Williams had a rough first half of the season but came around after the Olympic break.

“I’m not the superstar I was at Miami, I’m a rookie,” Williams said. “The game is faster, more intense and physical. My role at UM was to score. Now, it’s different, and it took time to get used to it.”

Tulsa assistant coach Kathy McConnell-Miller said the staff is very impressed with Williams and had no reservations drafting the feisty guard, who was suspended from the UM team for the 2012 NCAA Tournament for behavior detrimental to the team.

“I was very familiar with BayBay as a college player and know what her potential is,” McConnell-Miller said. “We did our homework, she took ownership of her behavior, and there hasn’t been a single incident on or off the court with us. Nobody outworks her, especially this last month. She is in the gym an hour before practice, and an hour and a half after. She is on the first bus over on game days. And she is practicing at game speed, which she wasn’t doing before. She is loved by her teammates. I’m really proud of her.”

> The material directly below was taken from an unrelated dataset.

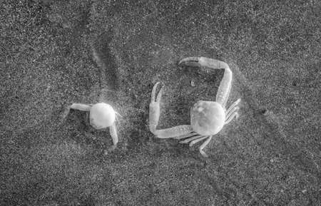 Crab walking on white sand beach walking into the sea, on the beach, at the sea, in the morning , the crab life lives on the sandy beach.
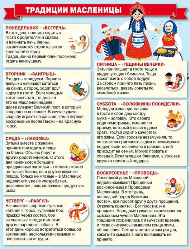 Понедельник - встреча. В первый день Узкой Масленицы сваты ходили в гости друг к другу на блины.

Williams left the UM team on bad terms, and does not keep in touch with Johnson. They have seen each other when their teams played, said quick hellos, but that’s it.

“It’s a job,” Williams said. “I can’t get caught up in the Miami stuff. We’re definitely not friends. We’re two different people, always were, and that’s fine. It doesn’t bother me. She does her thing, I do mine.”

Johnson said she tried to reach out, but Williams wasn’t interested.

“I have no ill will toward her,” Johnson said. “I think it’s sad how things ended. It would be nice if we could talk some time because we’re both probably going through the same rookie frustrations, but she obviously doesn’t want to have a relationship with me, so I have to treat her like just another player.”
One to Slovakia. One to Hungary. It’s a job.